The OP deals with a variety of options a Catholic of good will could take to deal with this crisis.
But it seems like a *person* of good will could just as much conclude any of the following.
"Maybe this crisis with the magisterium shows that magisteriums are defectible, and that Eastern Orthodoxy (a Church that is much less reliant on magisterium as a source of authority) is really the Church that Christ founded.
"Maybe neither side was right in 1054, and Rome and Eastern Orthodoxy are actually branches of the true Church."
"Maybe all this stuff really points to the idea that Sola Scriptura has to be true, because all other authorities have failed."
I'm wondering, and I'm especially curious for the OP's imput here, but also anyone else's, will a person of good will even necessarily be lead to one of the Catholic positions, and if so, why?
(To be clear, I obviously think Catholicism is correct or I wouldn't be here, but I have a hard time believing that everyone of good will ends up there, doubly so in the current situation.)
Yeah idk, the Crisis has left us in a real mess. It's impossible to try and convert people to Catholicism when I basically have to claim to be more Catholic than the pope, which they (fairly) consider to be utterly ridiculous. I also have to try and explain why the Church post-V2 is contradicting itself and its pre-V2 tradition, and how that doesn't contradict indefectibility when I'm not even certain on the answer to that myself.
Someone could quite fairly call me a hypocrite - saying that I can't even explain my own position fully. And I can't. But for me it's really a case of, even during the confusion and absurdity of the Crisis, I still think Catholicism has less problems in its positions than Orthodoxy or Protestantism, or any other religion for that matter. Protestants can't even explain how they know the Bible is infallible - it was the Church that decided which books were gospel, which books were apocryphal, etc. Protestants can't tell you why the Gospel of Thomas isn't in their Bible but the Gospel of John is. Orthodoxy can't tell you how they know a council is ecuмenical or not. They quite literally can't even explain their rules of faith. At least we can still explain how we know what is gospel and what isn't, and what is dogma and what isn't.

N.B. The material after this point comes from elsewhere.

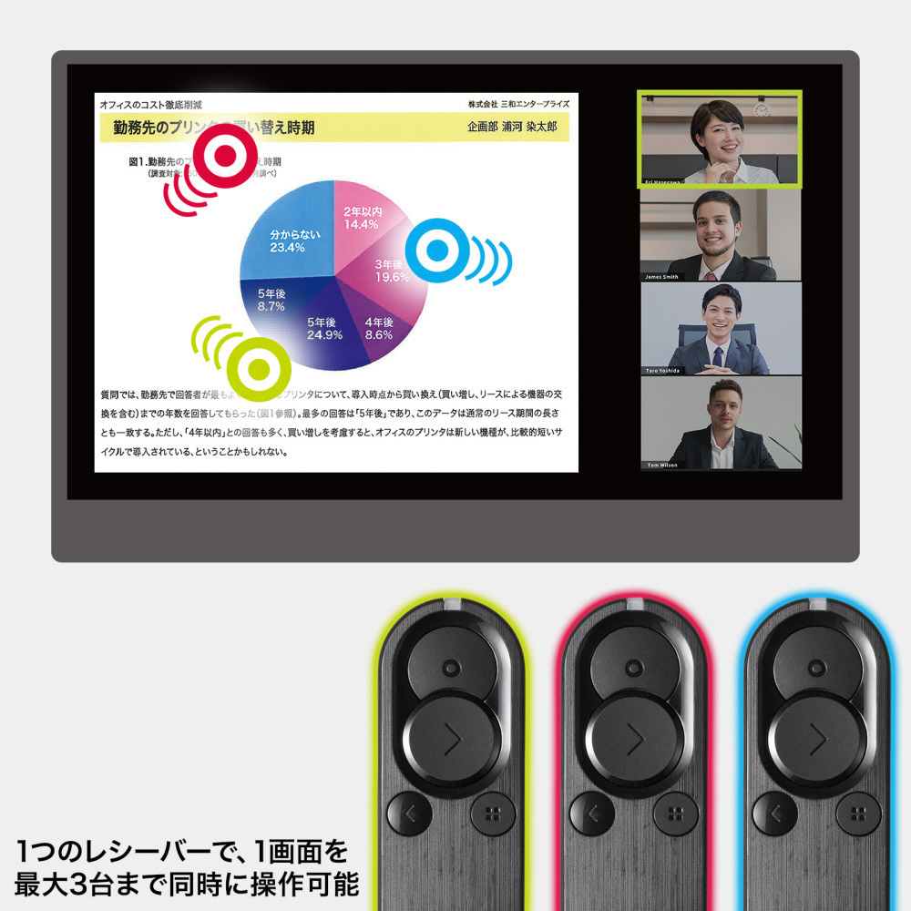 ●1つのレシーバーで最大3台まで同時に操作可能で、複数人でのプレゼンにも対応し、印象に残るプレゼンを演出します。

Of course, attacking logical problems with other denominations while being unable to explain all the problems with my own is not conducive to successful conversion. In my own mind I chalk the problems with the Crisis to - "We're on the eve of either the Great Chastisement or the End Times, it's meant to be a time of confusion and apostasy where nothing goes as normal" and hope that I live long enough to see the problems resolved and explained, but that's a lame and unconvincing explanation to give to a non-Catholic in a debate.